What the task requires - Keep images out and repeat all data exactly.

Supplied data -
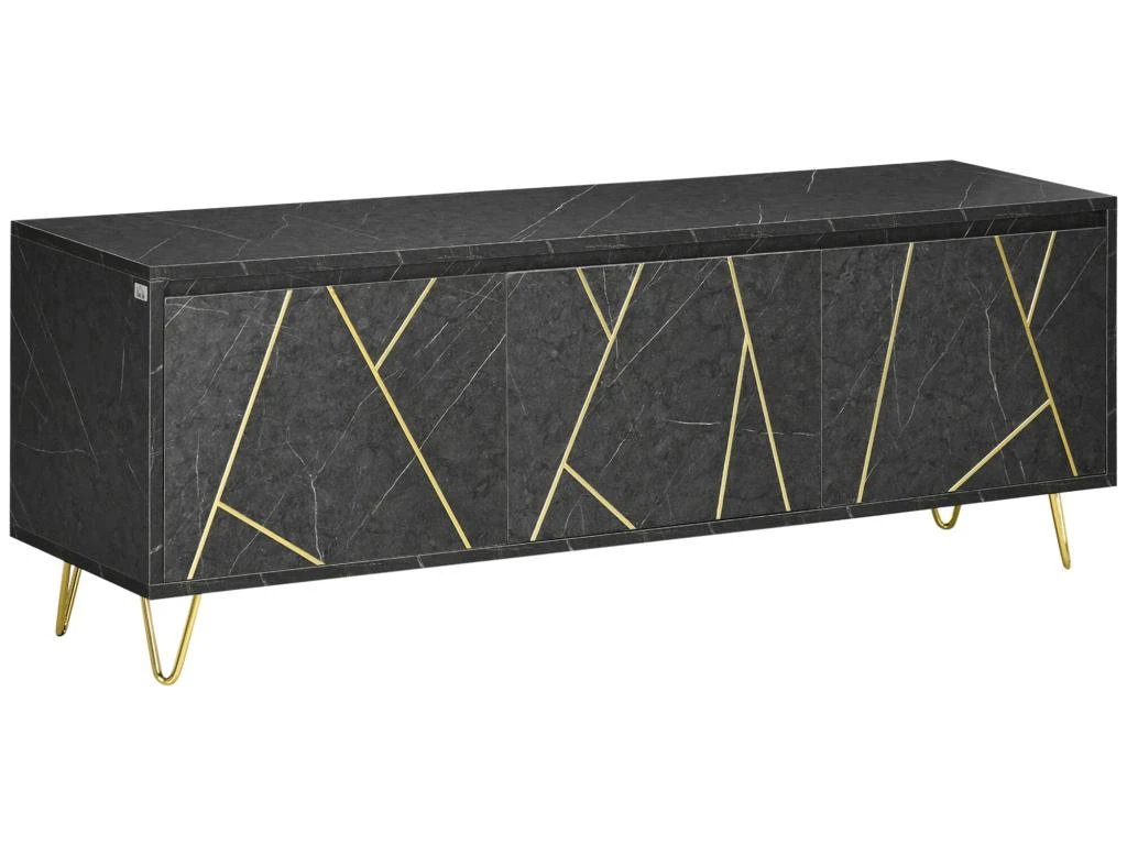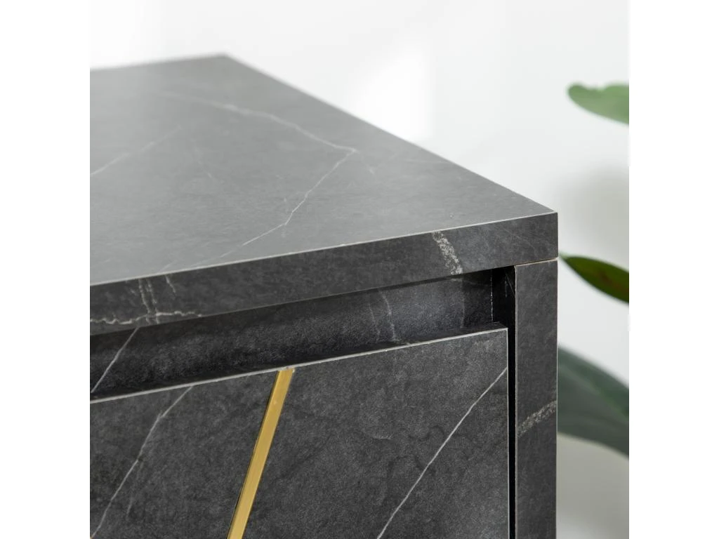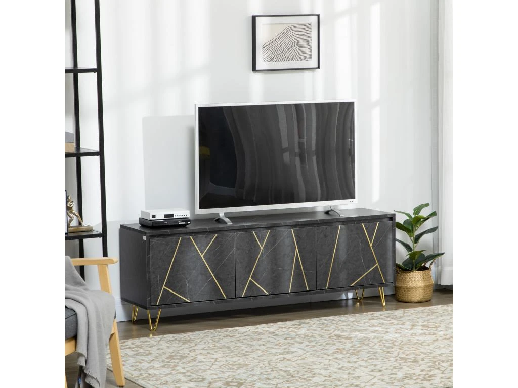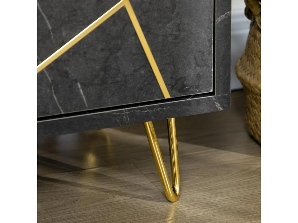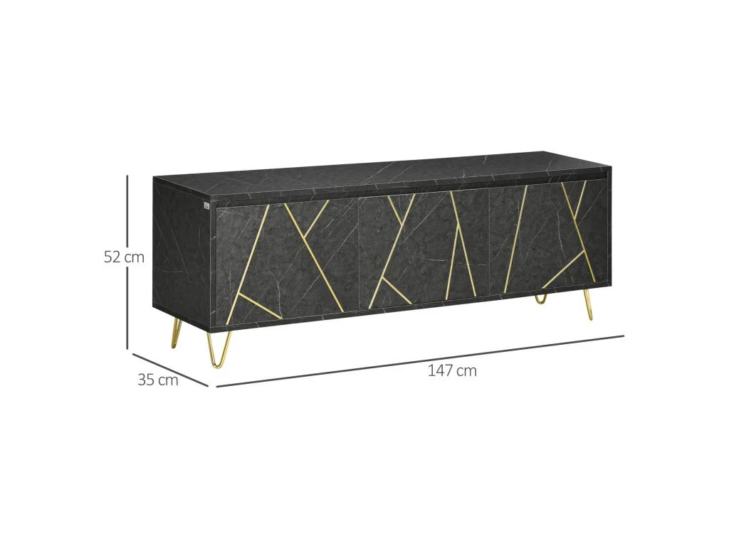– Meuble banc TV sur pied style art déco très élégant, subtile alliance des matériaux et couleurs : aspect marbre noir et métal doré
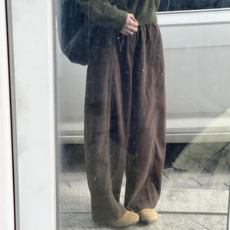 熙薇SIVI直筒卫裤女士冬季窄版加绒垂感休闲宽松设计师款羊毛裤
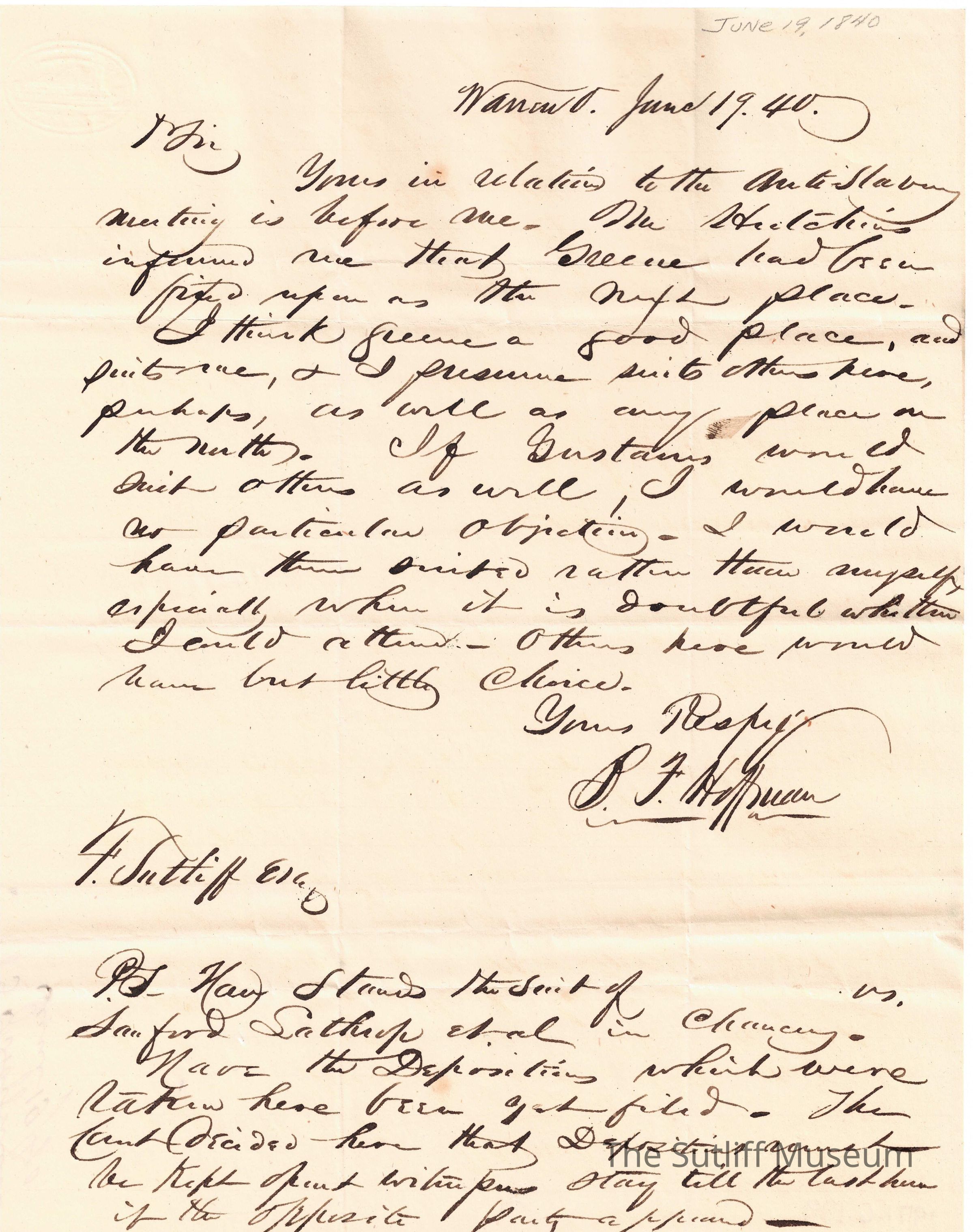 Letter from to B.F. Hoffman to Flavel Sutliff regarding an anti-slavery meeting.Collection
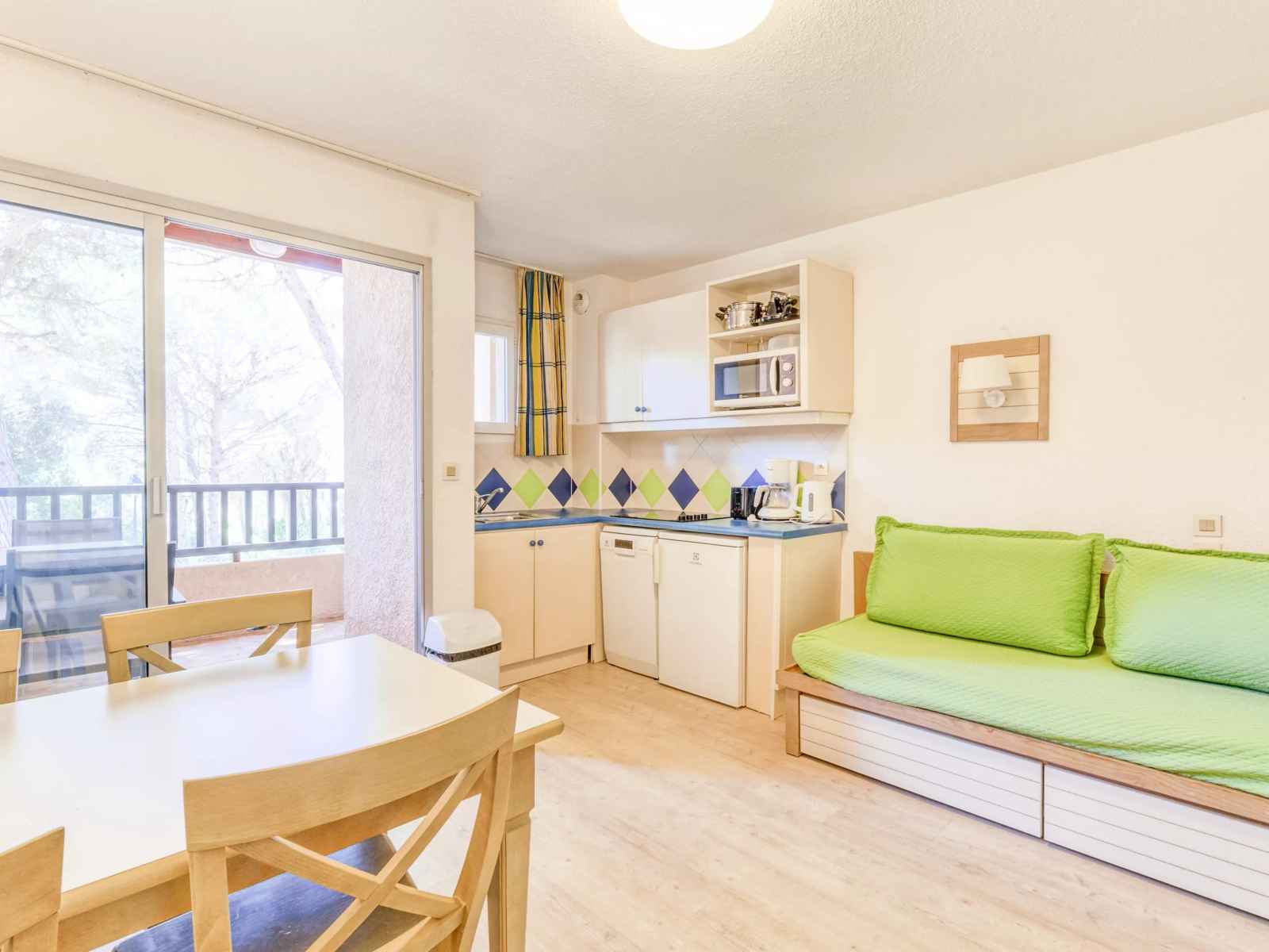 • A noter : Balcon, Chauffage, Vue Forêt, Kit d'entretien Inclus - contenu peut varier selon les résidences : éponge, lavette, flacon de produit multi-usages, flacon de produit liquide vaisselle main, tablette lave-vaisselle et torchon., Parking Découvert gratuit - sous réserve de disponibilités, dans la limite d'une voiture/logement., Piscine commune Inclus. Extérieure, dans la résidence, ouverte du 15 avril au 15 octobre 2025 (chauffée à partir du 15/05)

Answer area -
– Meuble banc TV sur pied style art déco très élégant, subtile alliance des matériaux et couleurs : aspect marbre noir et métal doré
 熙薇SIVI直筒卫裤女士冬季窄版加绒垂感休闲宽松设计师款羊毛裤
 Letter from to B.F. Hoffman to Flavel Sutliff regarding an anti-slavery meeting.Collection
 • A noter : Balcon, Chauffage, Vue Forêt, Kit d'entretien Inclus - contenu peut varier selon les résidences : éponge, lavette, flacon de produit multi-usages, flacon de produit liquide vaisselle main, tablette lave-vaisselle et torchon., Parking Découvert gratuit - sous réserve de disponibilités, dans la limite d'une voiture/logement., Piscine commune Inclus. Extérieure, dans la résidence, ouverte du 15 avril au 15 octobre 2025 (chauffée à partir du 15/05)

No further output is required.